Instructions to follow:
Consider the listing below. Extract exactly the lines from the line containing "The bouquet is" to the line containing "フェイクファーとデニムのコーディネートは秋の定番になりそうです!", both included.

Extracted material:
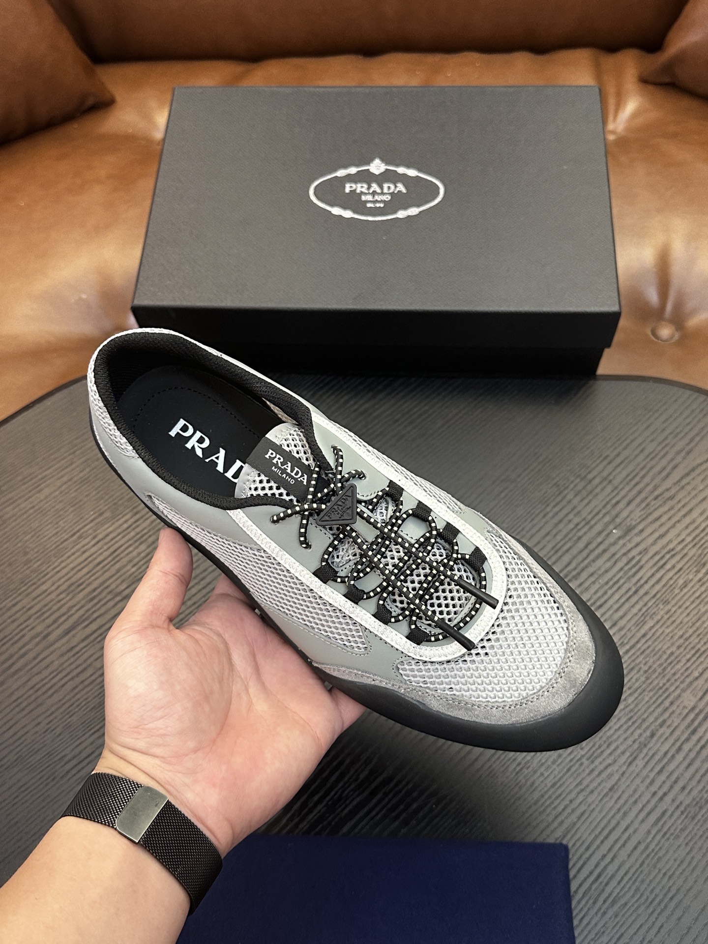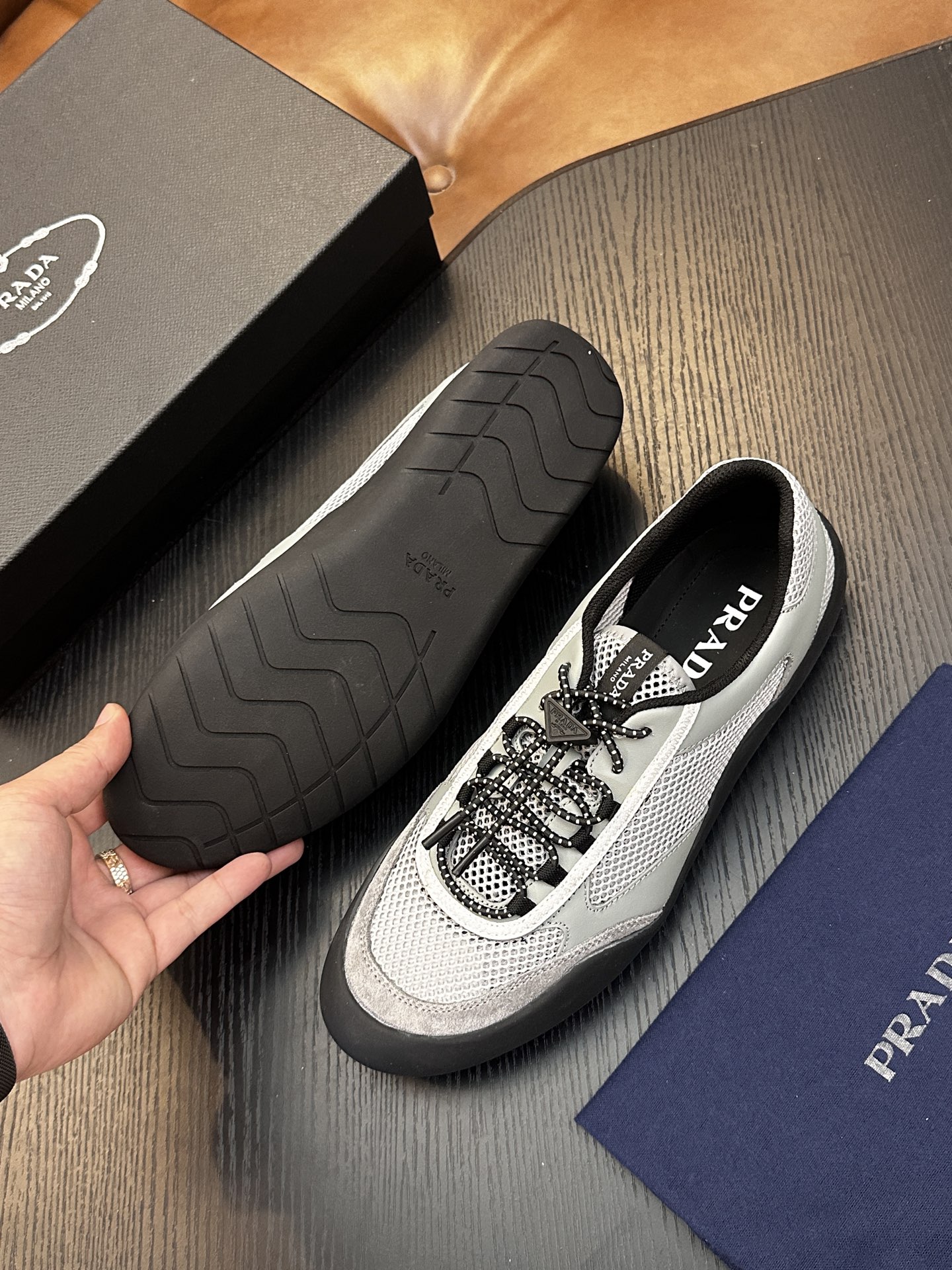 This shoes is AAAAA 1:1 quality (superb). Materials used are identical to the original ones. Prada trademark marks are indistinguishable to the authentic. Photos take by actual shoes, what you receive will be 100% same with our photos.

==

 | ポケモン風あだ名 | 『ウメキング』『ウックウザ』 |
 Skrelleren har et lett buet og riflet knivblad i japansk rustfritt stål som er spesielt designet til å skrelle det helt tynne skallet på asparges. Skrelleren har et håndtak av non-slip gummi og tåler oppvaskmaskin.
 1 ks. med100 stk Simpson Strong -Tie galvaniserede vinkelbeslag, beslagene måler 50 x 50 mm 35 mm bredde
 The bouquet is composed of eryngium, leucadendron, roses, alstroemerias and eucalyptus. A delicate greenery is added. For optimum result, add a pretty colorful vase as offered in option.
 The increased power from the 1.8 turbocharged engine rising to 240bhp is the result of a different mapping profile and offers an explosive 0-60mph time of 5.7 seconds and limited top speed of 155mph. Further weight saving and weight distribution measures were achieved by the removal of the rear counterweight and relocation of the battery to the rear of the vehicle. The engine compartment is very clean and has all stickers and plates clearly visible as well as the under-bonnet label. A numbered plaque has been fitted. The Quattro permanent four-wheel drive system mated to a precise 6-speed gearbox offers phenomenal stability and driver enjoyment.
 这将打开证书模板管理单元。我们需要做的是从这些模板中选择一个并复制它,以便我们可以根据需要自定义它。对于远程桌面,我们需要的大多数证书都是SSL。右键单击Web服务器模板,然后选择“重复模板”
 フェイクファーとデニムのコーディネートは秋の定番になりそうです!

Result of the task:
 The bouquet is composed of eryngium, leucadendron, roses, alstroemerias and eucalyptus. A delicate greenery is added. For optimum result, add a pretty colorful vase as offered in option.
 The increased power from the 1.8 turbocharged engine rising to 240bhp is the result of a different mapping profile and offers an explosive 0-60mph time of 5.7 seconds and limited top speed of 155mph. Further weight saving and weight distribution measures were achieved by the removal of the rear counterweight and relocation of the battery to the rear of the vehicle. The engine compartment is very clean and has all stickers and plates clearly visible as well as the under-bonnet label. A numbered plaque has been fitted. The Quattro permanent four-wheel drive system mated to a precise 6-speed gearbox offers phenomenal stability and driver enjoyment.
 这将打开证书模板管理单元。我们需要做的是从这些模板中选择一个并复制它,以便我们可以根据需要自定义它。对于远程桌面,我们需要的大多数证书都是SSL。右键单击Web服务器模板,然后选择“重复模板”
 フェイクファーとデニムのコーディネートは秋の定番になりそうです!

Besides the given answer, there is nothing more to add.